The script produces 4 files as the output:

• train.a;
• train.b;
• test.a;
• test.b;

As can be seen, dialogs have been split into 2 groups: train and test. As well as each group has been splitted into 2 sub-groups: a and b.

Dialogs are split randomly into 2 groups: "train" and "test" with respect to the next proportions: 80% of all dialogs goes to the "train" group and 20% goes to the "test" group.

Actual separation is implemented with the train_test_split method.

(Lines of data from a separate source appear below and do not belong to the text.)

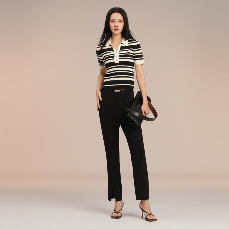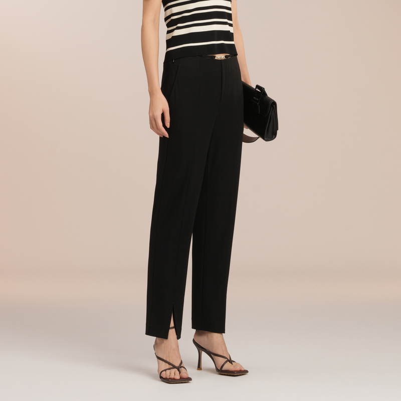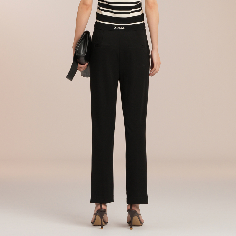 简约显瘦微喇开叉九分裤 XG雪歌黑色休闲裤 时尚 新款 女 2025夏季
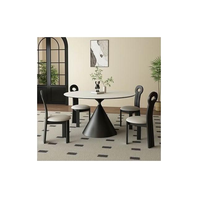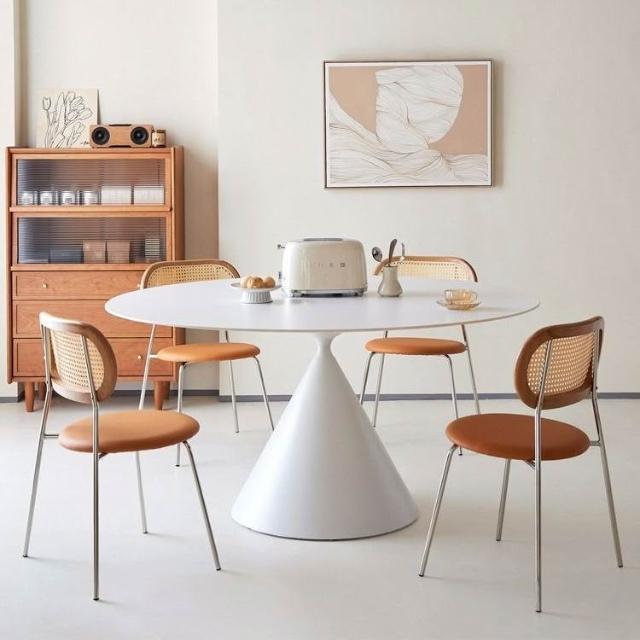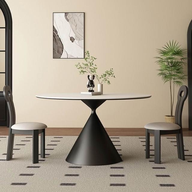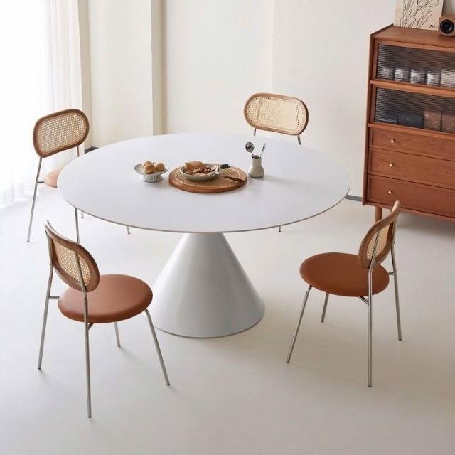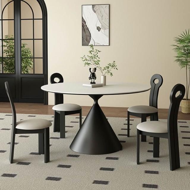 法式餐桌复古家用圆形岩板餐桌椅高端小户型意式极简现代简约圆桌
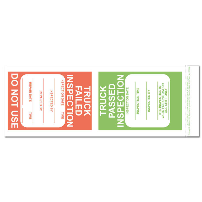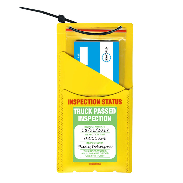 Before every shift, the operator of the truck can simply work down the inspection checklist, checking the safety of each component in turn. Once the inspection is complete, assuming safety has been established, the green PASS inspection certificate can be placed inside a safety status indicator on the truck ensuring that everyone can clearly see that the truck is safe for use. Failing trucks can be similarly identified by a red FAIL certificate and reported for maintenance. The duplicate copy of the certificate remains inside the inspection pad and can be used as evidence of inspections should you ever need to produce this for the HSE or other official parties.
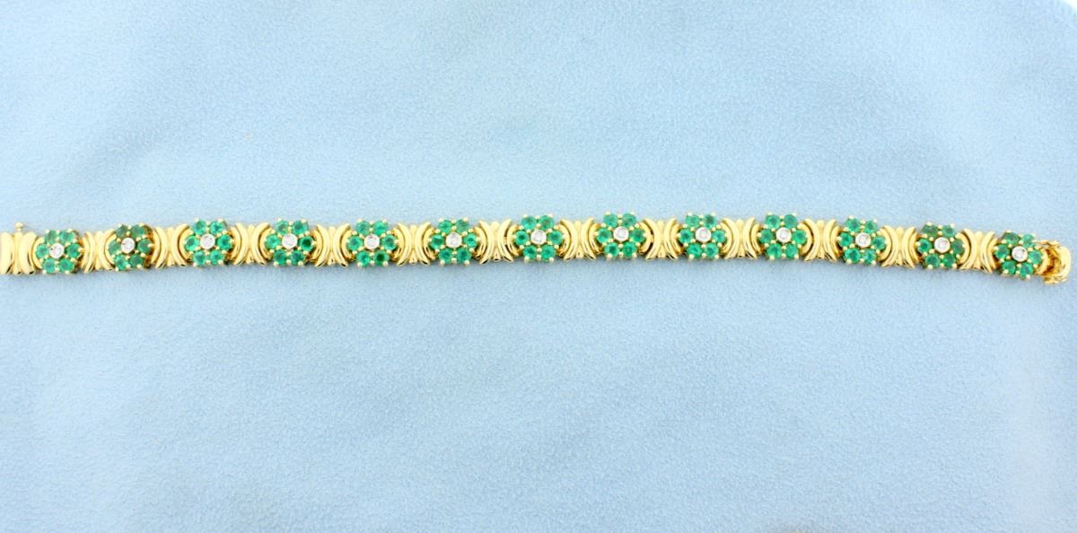 In 14K yellow gold, the bracelet is 7 1/4 inches long and has a safety clasp. It contains seventy eight 2.5mm round emeralds for a total weight of 4.5ct- they all have excellent color and clarity. Also there are thirteen .01ct diamonds. 20.9g

All dialogs within the same group ("train" or "test") are split into 2 parts ("a" and "b"). For the sake of the example, we will demonstrate the split process for the group "train". In order to split dialogs into "a"/"b" groups, in each simple dialog, lines are split into 2 parts, one part with lines that have even numbers, another part contains lines with non-even numbers. Let me show an example:

L19693 +++$+++ u198 +++$+++ m13 +++$+++ ELAINE +++$+++ It's a damn good thing you don't know how much he hates your guts.
L19692 +++$+++ u214 +++$+++ m13 +++$+++ STRIKER +++$+++ It's a damn good thing he doesn't know how much I hate his guts.
L19691 +++$+++ u198 +++$+++ m13 +++$+++ ELAINE +++$+++ Sluggish. Like a wet sponge.
L19690 +++$+++ u214 +++$+++ m13 +++$+++ STRIKER +++$+++ Sluggish. Like a wet sponge.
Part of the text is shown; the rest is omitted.